• **TO DO**:
Without changing a word, return the listing below, minus its images.

• **EXERCISE DATA**:
^^^^^^^^

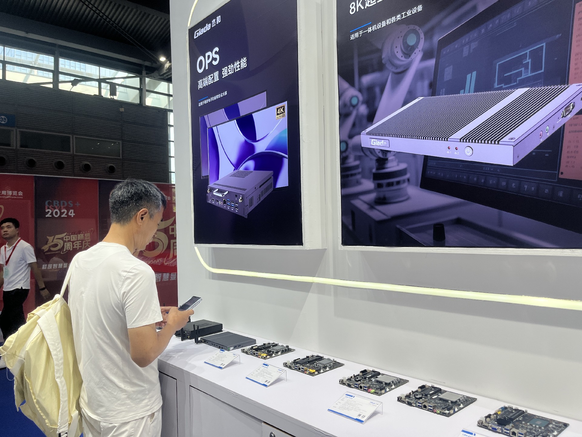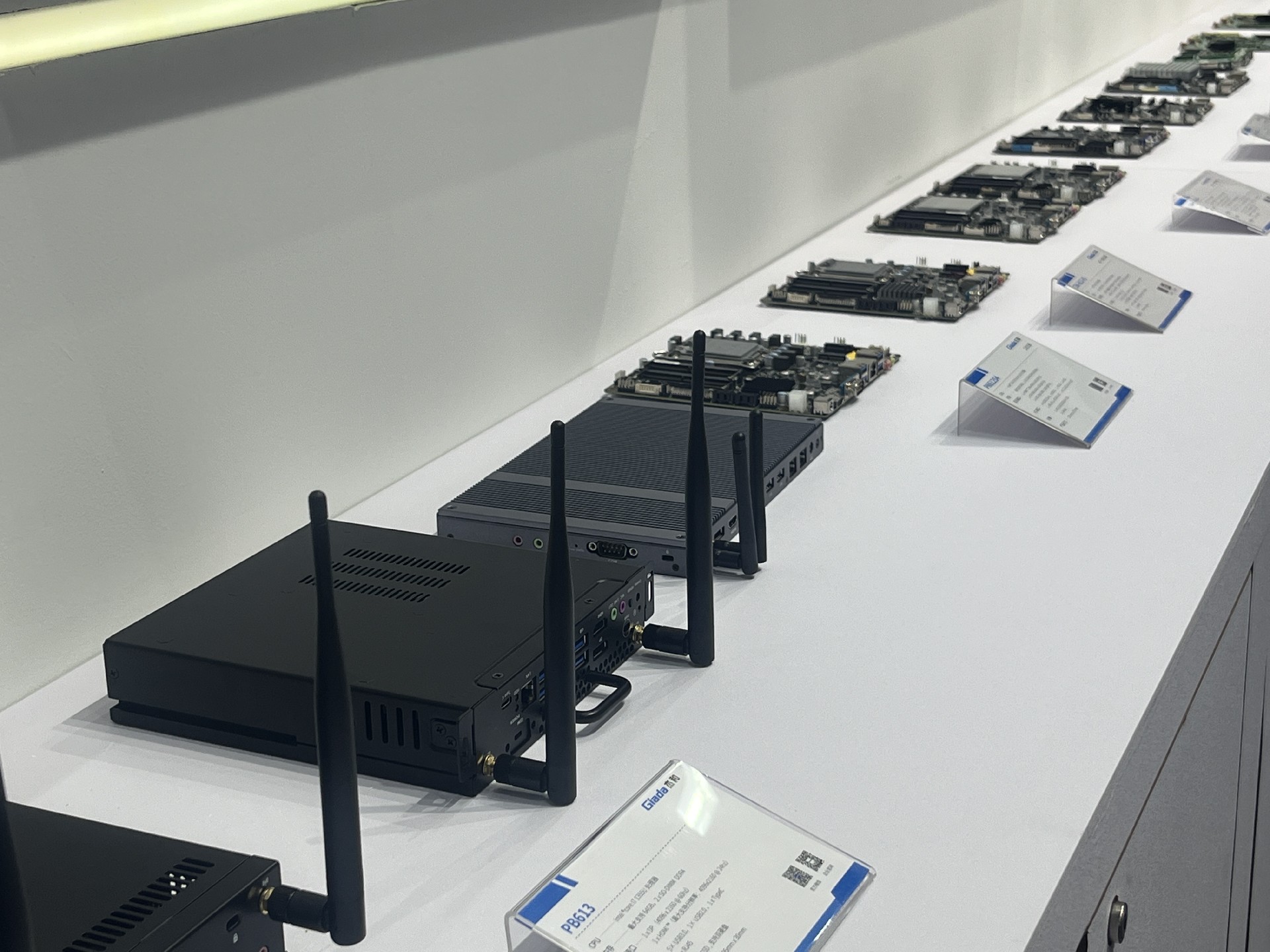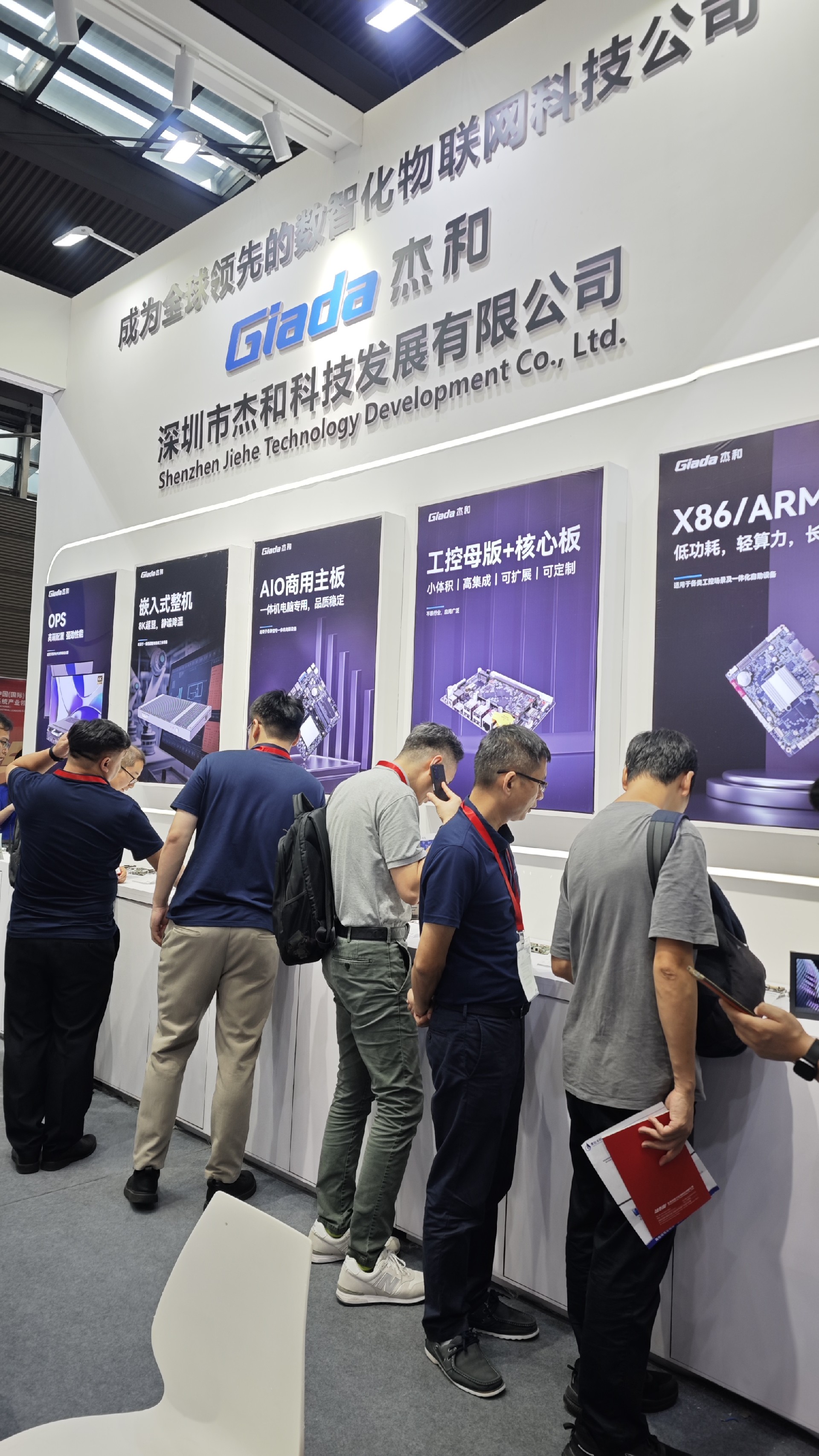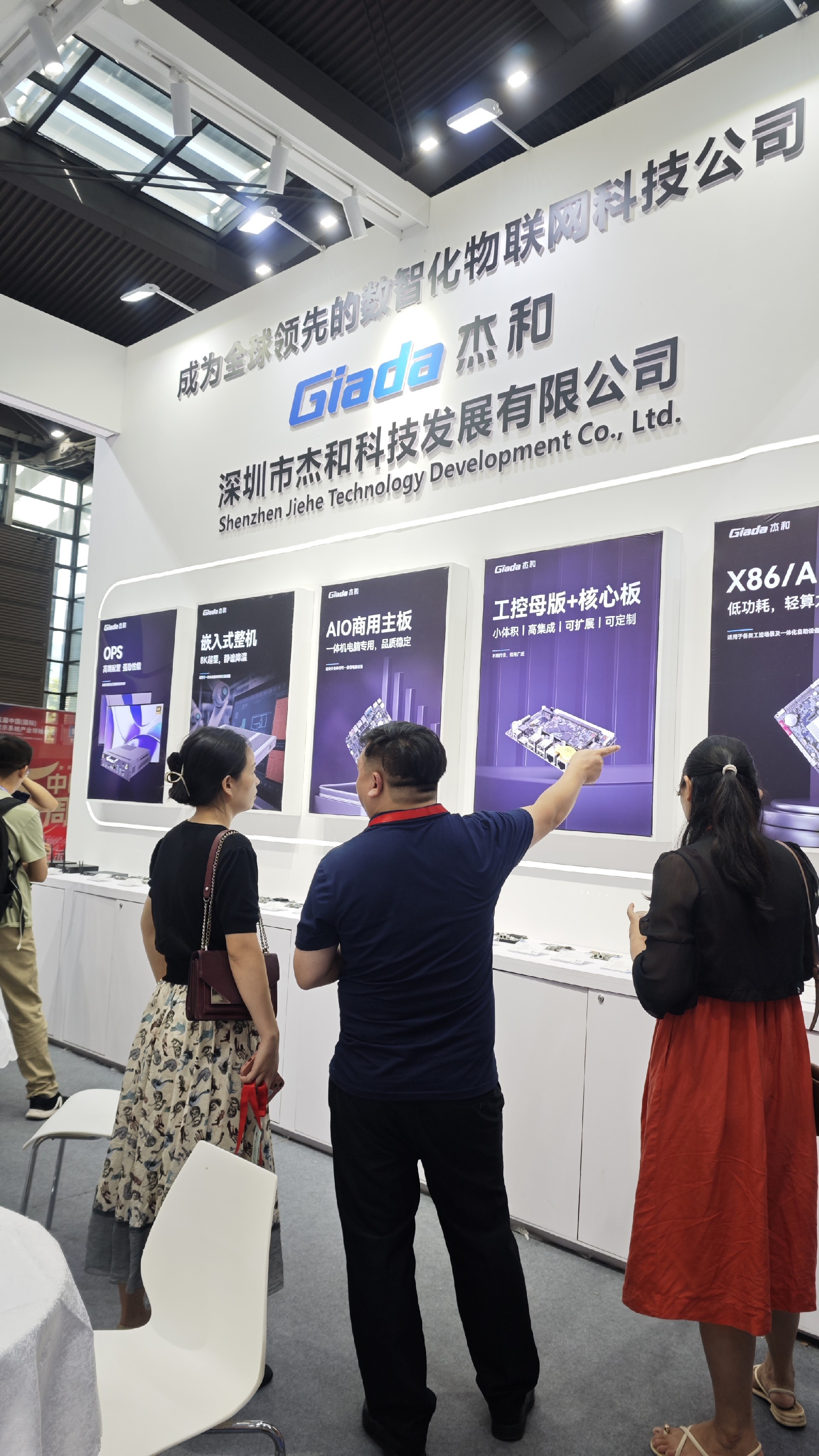 米兰milan科技展位放置在c位的明星产品和最新产品吸引了众多参观者的目光。展台下方整齐排列着公司的产品,包括主板、嵌入式整机、OPS等,这些产品不仅适用于商业展示领域,还广泛应用于工业、制造业和教育业等多个行业。
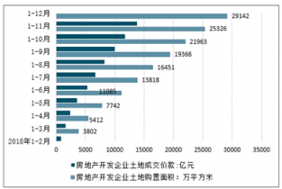 2018年1-12月中國(guó)房地產(chǎn)開(kāi)發(fā)企業(yè)土地購(gòu)置面積及房地產(chǎn)開(kāi)發(fā)企業(yè)土地成交價(jià)款情況
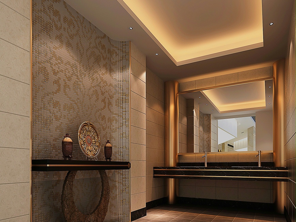 本案洗手間裝修設(shè)計(jì)案例中,色彩與燈飾的搭配,新中式設(shè)計(jì)理念運(yùn)用與空間中,富具極有中式文化和歷史韻味,注入現(xiàn)代中式裝修元素,風(fēng)格以莊重,典雅為主,暖黃的燈光映照下富麗堂皇。透過典雅的線條和尊貴的色彩,讓材質(zhì)本身的自然紋理和顏色光澤也得以呈現(xiàn)出很好的效果,體會(huì)別樣視覺的盛宴。
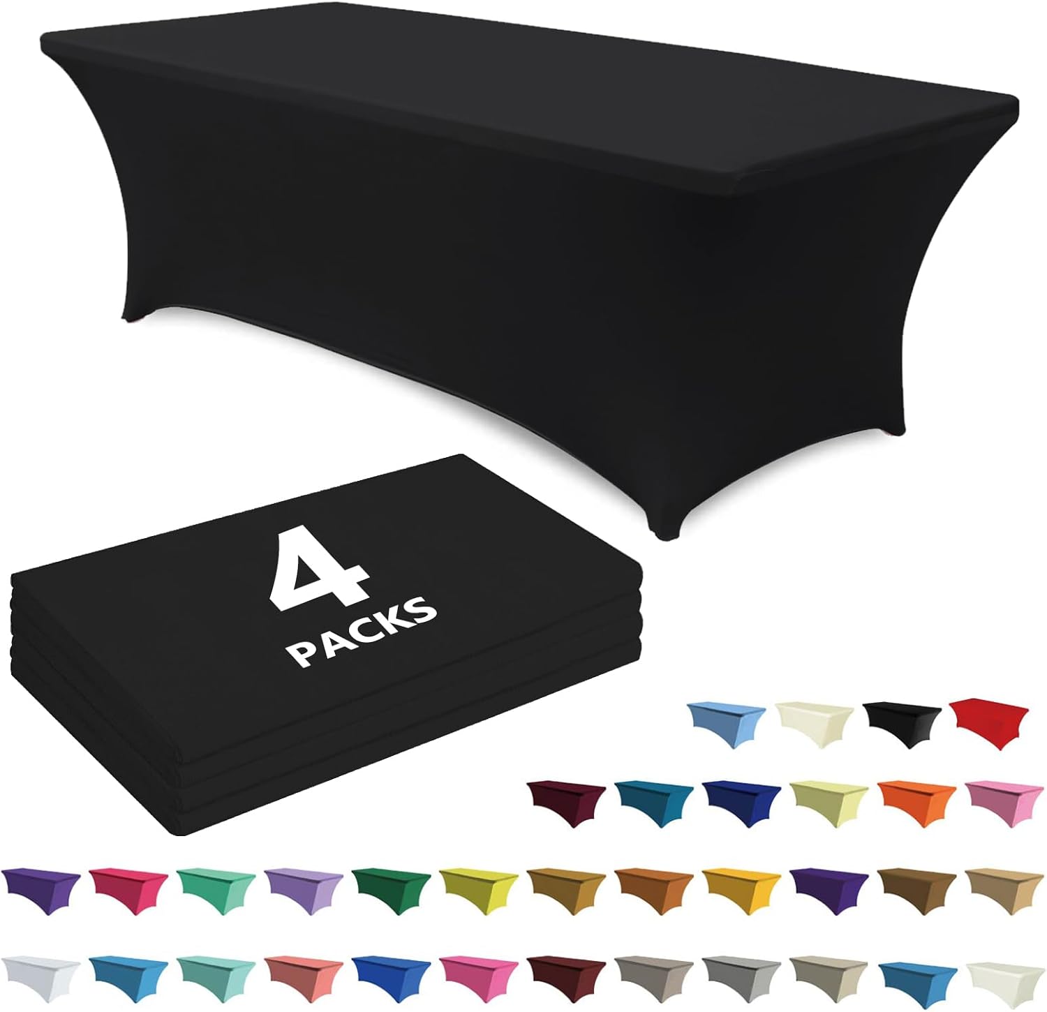 ABCCANOPY 4 Pack 4 FT Black Spandex Table Cover Stretch Fitted Wrinkle Resistant Tablecloth Reuse for Rectangular Folding Table Patry Event Wedding Banquet Protector

^^^^^^^^

• **ANSWER SPACE**:
 米兰milan科技展位放置在c位的明星产品和最新产品吸引了众多参观者的目光。展台下方整齐排列着公司的产品,包括主板、嵌入式整机、OPS等,这些产品不仅适用于商业展示领域,还广泛应用于工业、制造业和教育业等多个行业。
 2018年1-12月中國(guó)房地產(chǎn)開(kāi)發(fā)企業(yè)土地購(gòu)置面積及房地產(chǎn)開(kāi)發(fā)企業(yè)土地成交價(jià)款情況
 本案洗手間裝修設(shè)計(jì)案例中,色彩與燈飾的搭配,新中式設(shè)計(jì)理念運(yùn)用與空間中,富具極有中式文化和歷史韻味,注入現(xiàn)代中式裝修元素,風(fēng)格以莊重,典雅為主,暖黃的燈光映照下富麗堂皇。透過典雅的線條和尊貴的色彩,讓材質(zhì)本身的自然紋理和顏色光澤也得以呈現(xiàn)出很好的效果,體會(huì)別樣視覺的盛宴。
 ABCCANOPY 4 Pack 4 FT Black Spandex Table Cover Stretch Fitted Wrinkle Resistant Tablecloth Reuse for Rectangular Folding Table Patry Event Wedding Banquet Protector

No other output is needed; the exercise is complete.